> **WORK ORDER**:
Write the entries out exactly. Any images they hold stay out of the copy.

─── PROVIDED ENTRIES

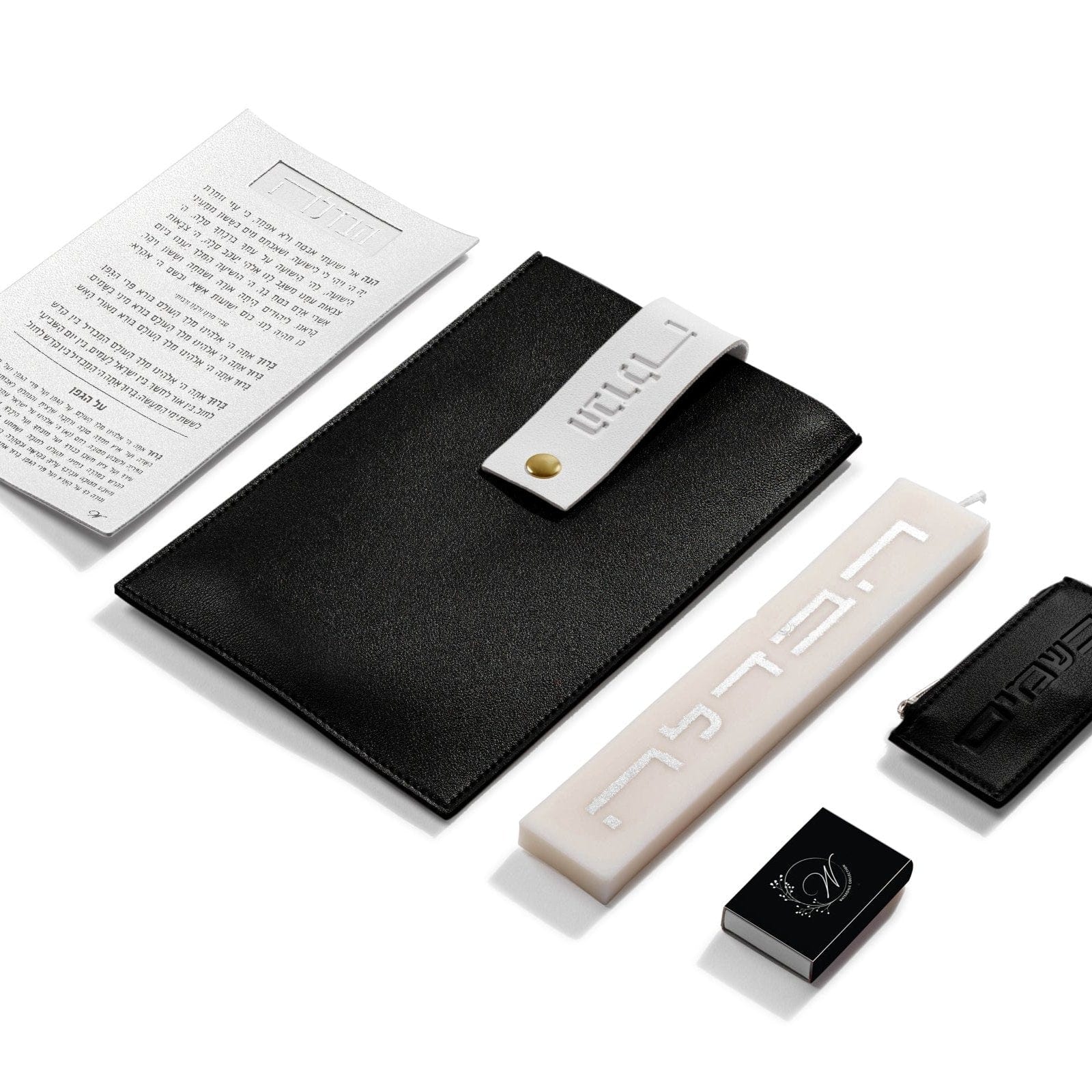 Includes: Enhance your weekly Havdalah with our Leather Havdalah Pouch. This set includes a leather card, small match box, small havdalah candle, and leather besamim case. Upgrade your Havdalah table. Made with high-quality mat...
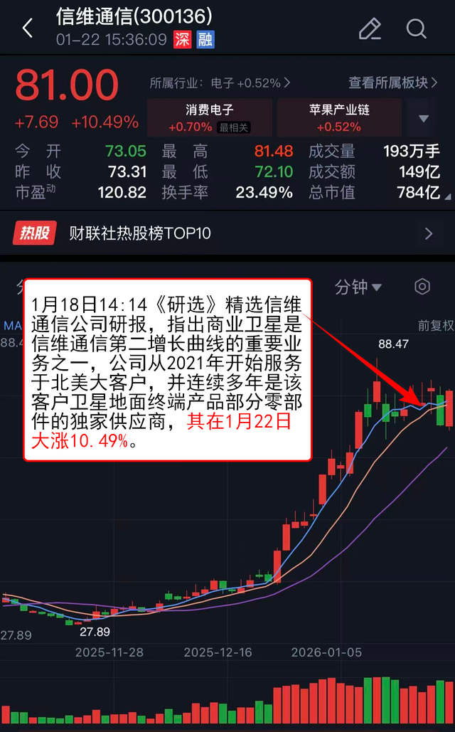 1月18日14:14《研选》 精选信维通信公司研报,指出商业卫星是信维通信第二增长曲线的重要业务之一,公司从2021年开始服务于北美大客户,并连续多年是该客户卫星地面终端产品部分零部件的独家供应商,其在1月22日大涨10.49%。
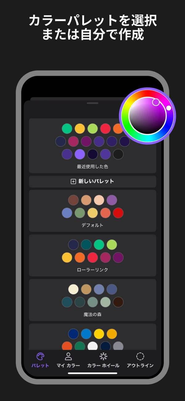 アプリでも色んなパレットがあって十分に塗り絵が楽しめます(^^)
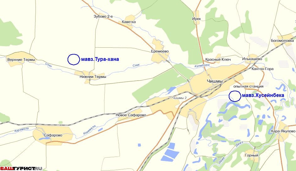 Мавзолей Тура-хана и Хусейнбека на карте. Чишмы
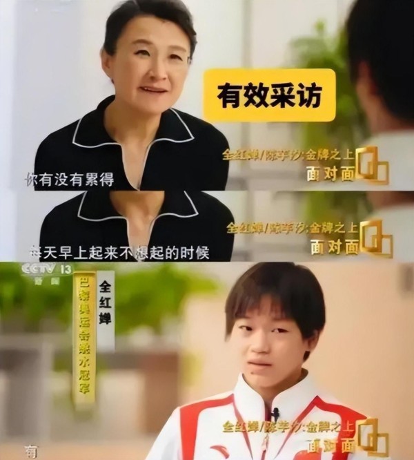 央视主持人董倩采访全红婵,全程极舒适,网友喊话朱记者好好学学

──────

> **EXERCISE RESULT**:
 Includes: Enhance your weekly Havdalah with our Leather Havdalah Pouch. This set includes a leather card, small match box, small havdalah candle, and leather besamim case. Upgrade your Havdalah table. Made with high-quality mat...
 1月18日14:14《研选》 精选信维通信公司研报,指出商业卫星是信维通信第二增长曲线的重要业务之一,公司从2021年开始服务于北美大客户,并连续多年是该客户卫星地面终端产品部分零部件的独家供应商,其在1月22日大涨10.49%。
 アプリでも色んなパレットがあって十分に塗り絵が楽しめます(^^)
 Мавзолей Тура-хана и Хусейнбека на карте. Чишмы
 央视主持人董倩采访全红婵,全程极舒适,网友喊话朱记者好好学学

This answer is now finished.